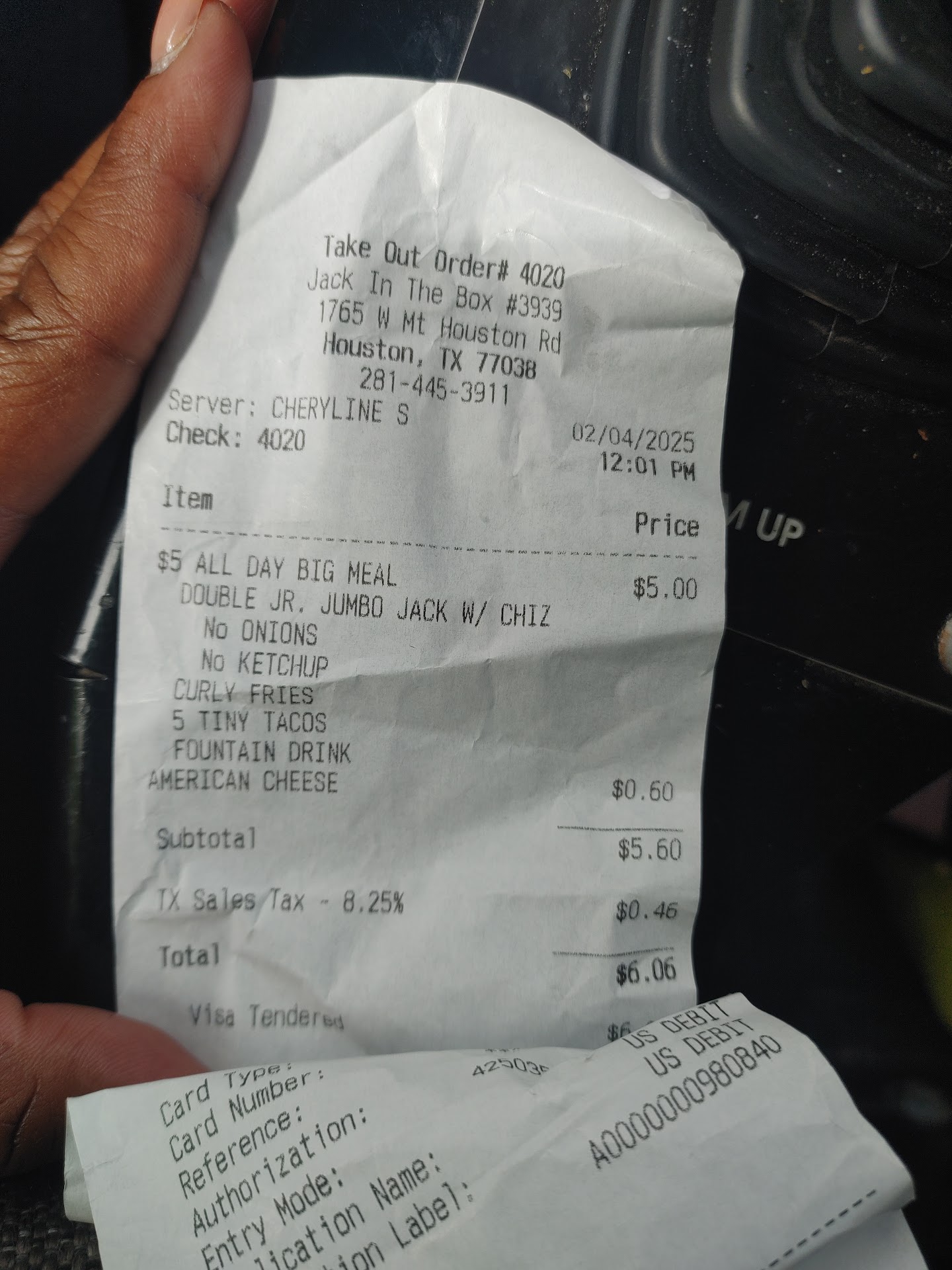 I was just at this store at 10pm tonight. May 29th 2024. I ordered 4 tacos. The girl at the register with braids had my card for a good while. I pulled up to see what she was doing, my card was laying in front of the register and she had her cell phone out taking a picture. I asked her did she just take a picture of my card, she said no upset. It was obvious I saw her, a red Card popped up in her pictures. Whatâs red, my card. The manager came over trying to check me. Not even verified what I said. I told him just give me my card and Iâll call corporate. He was talking loud and crazy also. As I drove off he claimed I didnât pay for my food, but obviously I received a notification of a swipe at Jack in the box. So itâs obvious she swiped it and taking a picture. #1 no employee should have their cell phones out at work, at the cash register, while making transactions with other peopleâs money. Maybe her and the manager are in cahoots with each other. He never once told her anything. I will be calling corporate and my bank. My proof that she did swipe my card. I did pay. And the manager was hollering I didnât as...
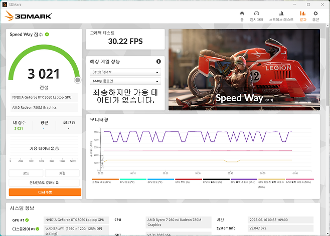 3Dmark의 대표적인 벤치툴 테스트에서는 다음과 같은 결과를 보였습니다:
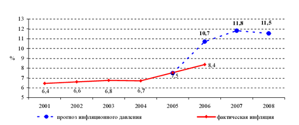 Этот результат согласуется с прогнозом потенциальной инфляции (без учета мер денежно-кредитной политики) инфляции на 2006 год, сделанный в конце 2005 года по модели Пи-Стар, прогноз по которой составлял 10,7% (рисунок 4) [4, с. 25].
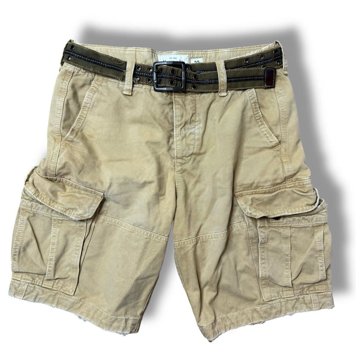 > 即決★abercombie&fitch★アバクロ 32 カーゴハーフパンツ ベルト付き ダメージ加工 ベージュ y2k
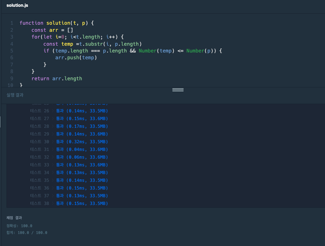 2) t의 길이만큼 반복한다. (여기서 temp의 길이가 p의 길이보다 작을 때 반복문을 탈출하도록 만들어 줘야하는데 누락...)
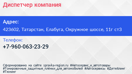 Диспетчер, компания по адресу 423602, Татарстан, Елабуга, Окружное шоссе, 11г ст3 в дальнейшем Организация, размещена в следующих категориях:
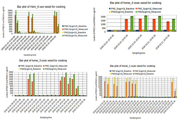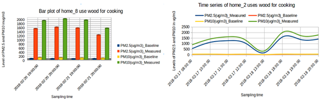 Figure-11. Bar-plots and time series indicating the variations of PM2.5 and PM10 concentration levels for homes 8 and 2 using woods for cooking activities.
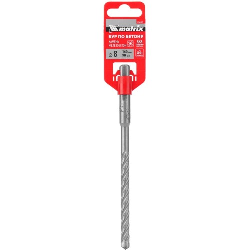 Бур по бетону Matrix 70638 размером 8 х 160 мм используется с перфораторами типа SDS Plus.
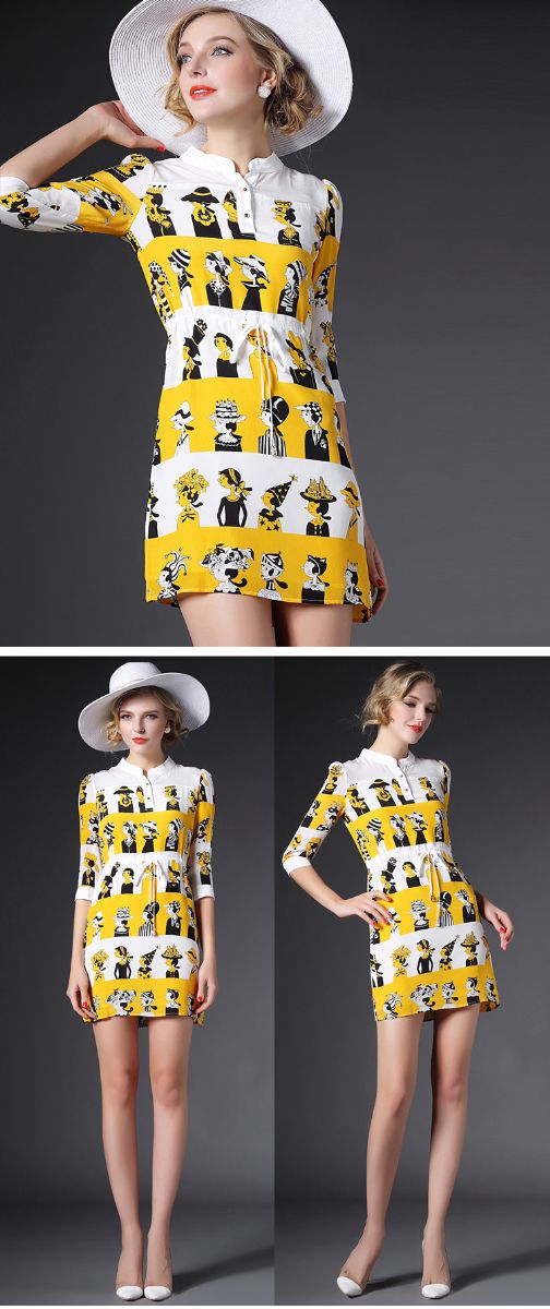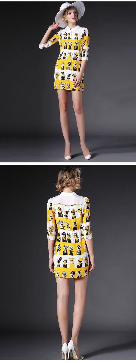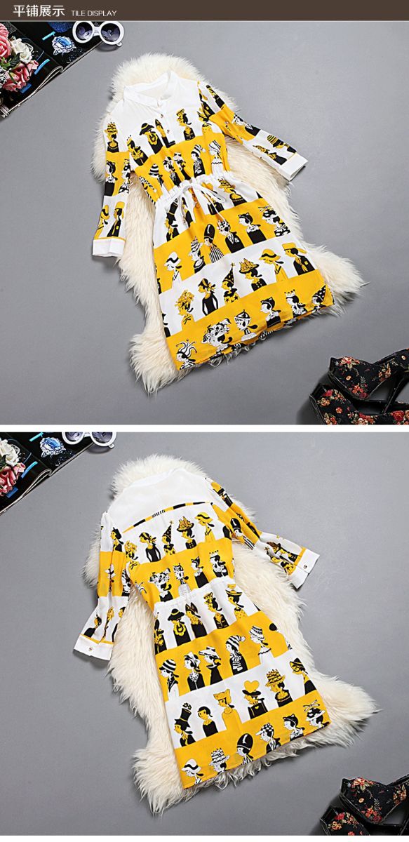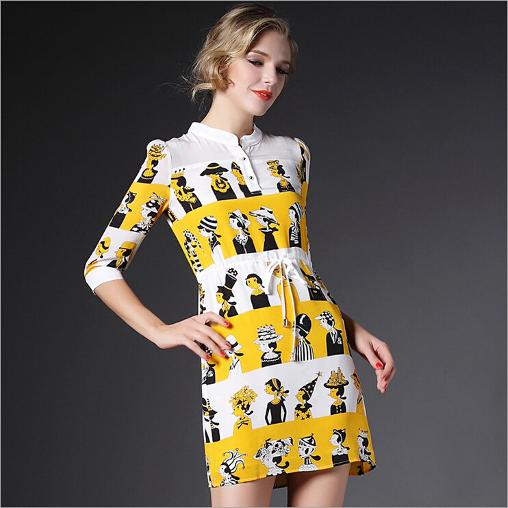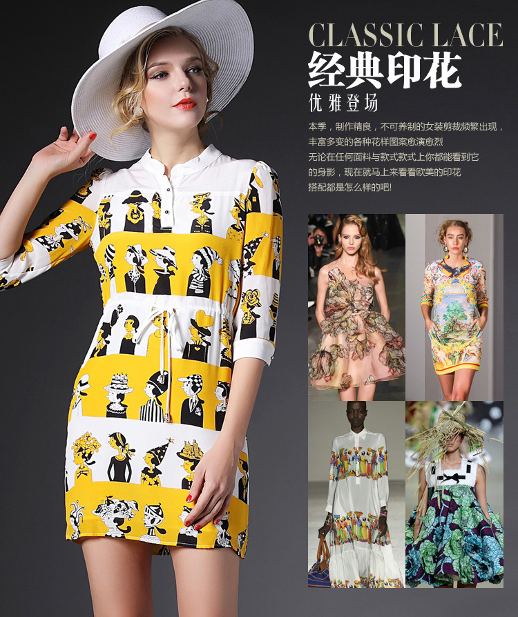 2015春夏季新款欧美风印花真丝连衣裙七分袖衬衣领时尚A字裙
----------------------------------------
● WHAT IS BEING ASKED:
Say again, word for word, every line from the one with "Диспетчер, компания по" through the last line of the data above, minus the pictures.

● TASK RESULT:
 Диспетчер, компания по адресу 423602, Татарстан, Елабуга, Окружное шоссе, 11г ст3 в дальнейшем Организация, размещена в следующих категориях:
 Figure-11. Bar-plots and time series indicating the variations of PM2.5 and PM10 concentration levels for homes 8 and 2 using woods for cooking activities.
 Бур по бетону Matrix 70638 размером 8 х 160 мм используется с перфораторами типа SDS Plus.
 2015春夏季新款欧美风印花真丝连衣裙七分袖衬衣领时尚A字裙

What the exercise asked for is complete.